Friday, July 31, 2009

Natural Law and Government Health Insurance

1. Bureaucrats in the federal government aren't going to take as good care of your health as you and your personal doctor, unmolested by federal interference, would do. The government will waste much more of the wealth inserted into this system than the private sector would. It's wrong to overlook these things and to nationalize the health care system. They are so as a matter of natural law.

2. Outside of contracts, there is only one positive right: the right of the innocent in dire straits in your local community or vicinity to be given simple assistance. Other innocents in dire straits in more geographically and socially distant locations have much less claim to your assistance, but they have some. It diminishes as we move outward until the duty is gone at some distance.

This point of view is treated with contempt by libertarians who think that even your good neighbor who, through no fault of his own, lies badly injured before you has no right to your administering first aid, calling an ambulance, or any other action. The libertarian will agree that you would be rightly branded as callous, mean and wicked; but he balks when it comes to the question, "Did your neighbor have a right to your help?" But the fact is that you would have done wrong by your neighbor and he would have had a right to simple assistance. The censure may be appropriate punishment, but it is punishment for wrongdoing and all wrongdoing violates another's rights.

This position also angers leftists, who believe that you ought to have your wealth redistributed to the destitute, no matter what their social and geographical distance to you. At least libertarians are respectable. Leftists, on the other hand, are rich and give little to the poor, even while maintaining that it is a strict duty to redistribute the wealth. They oughtn't to be taken seriously, especially since there is not a single good argument for their strange position.

But I digress. The point is that #2 is correct and it reflects natural law. The alternatives do not and are not correct.

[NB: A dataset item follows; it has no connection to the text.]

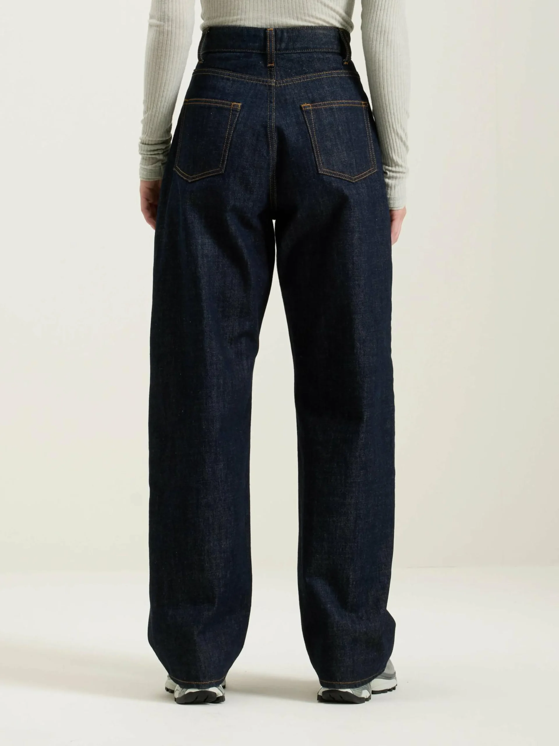 Super hoog getailleerde 5-pocket jeans met wijde pijpen, van rinse katoendenim.
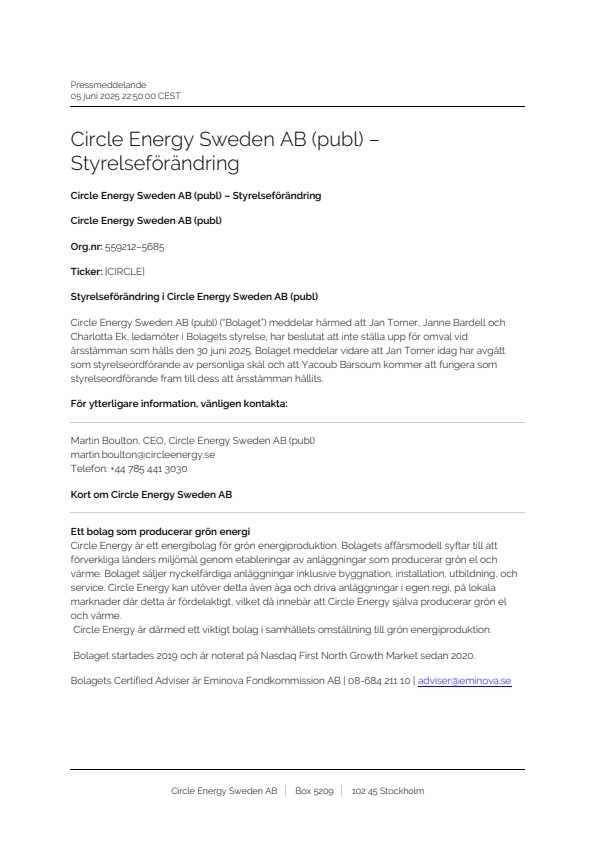 Circle Energy Sweden AB (publ) (“Bolaget”) meddelar härmed att Jan Torner, Janne Bardell och Charlotta Ek, ledamöter i Bolagets styrelse, har beslutat att inte ställa upp för omval vid årsstämman som hålls den 30 juni 2025. Bolaget meddelar vidare att Jan Torner idag har avgått som styrelseordförande av personliga skäl och att Yacoub Barsoum kommer att fungera som styrelseordförande fram till dess att årsstämman hållits.

3. When forced to pay a fixed fee for unrestricted access to a good by a large national government, people will be unrestrained in their use of the good and the system will go bankrupt unless the fee is raised very high or the access severely restricted. The fee will be lower and the access less restricted if the good is provided by the free market at prices set by market forces. It is wrong to overlook this and cause our society to switch from private to public provision of goods. This is so as a matter of natural law.

Morality has contours impressed upon it by its conformation to human nature. There may be other moralities on other planets for other species of people with other natures. Not everything goes, as the meanings of "right" and "wrong" are not utterly ambiguous. But there is some flexibility to these terms across species and, within species, across societies. Yet within any given species, constraints of its nature obtain, rendering certain moral stances untenable. Foolishly running against human nature usually results in calamity. Nor is it that the fool's morality - his communism or what have you - better while we are by nature unable to attain to it. It is not better. It is wrong. It may be right for a species of people with utterly different motivations but it is not right for us.

Yet the lust for power renders one able to fool the foolish and hoodwink the ignorant. Human nature gives us constraints on what is morally suitable for us but it unfortunately does not usually give us the wisdom to be able to maintain our values within those constraints unmolested by the power-hungry and their useful idiots. I can't prove that 1, 2, and 3 reflect natural law here. The proof is in the collective historical wisdom of a society, conserved against the odds and grasped only partially by any of its members, some more fully understanding it than others. If you are unaware of any reason to think that the big-government welfare state isn't made more likely to be disastrous and the free market more likely to produce flourishing by natural law, then you are an example of the imperfection of human nature when it comes to practical wisdom. As a result of this ignorance, innocents will die from having health care withheld from them by the government. And vast sums of wealth will be taken from those who rightfully own it against their will and put into the black hole of government.